Volicer and Hurley (date) describe a chart of levels describing the interaction of levels within this model.  As mentioned previously, the dementia and the individual’s personality, which remains intact for most of the dementia journey, interact constantly and help to drive the explanations of the behavior.  First, an inner circle shows the primary consequences of dementia: functional impairment, delusions and hallucinations, and mood disorders.  These issues result in the behaviors in the second ring of the model and correspond to the areas affected by the dementia.  For example, functional impairment results in a need for assistance in ADLs, as well as an inability to initiate meaningful activities (hobbies, meal prep, etc.)  This, in turn, can result in the IWD’s response to additional caregiving requirements with resistance to care, refusal to eat, and perhaps combativeness.  The management of these behaviors is through consistency of routine in caregiving, providing meaningful activities at the appropriate cognitive level, adaptive clothing, or fewer choices of apparel, tailoring meals to taste and consistency preferences, etc. 

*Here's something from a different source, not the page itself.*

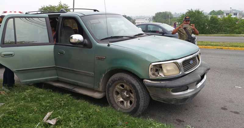 La mujer al dar vuelta en U, rebasa el alto imaginario y en ella se ensarta el policía que conducía una motocicleta; el oficial sufrió probable factura en una pierna

Issues with insomnia and interference with other resident points to changes needed in the social environment.  A reduction in noise or activity in the room, scheduled exercise during the day, increased activity and decreased napping can result in more positive and desired behavioral responses. 

The Comprehensive Model states that often the symptoms are treated without regard to the underlying causes of the behavior.  An example of this would be a client presenting with insomnia and prescribed a medication for sleep.  The underlying cause, lack of activity during the day, noise disruption, hunger at night, etc. should be examined and addressed prior to the use of medication, which, in turn, can add additional variables to the mix. 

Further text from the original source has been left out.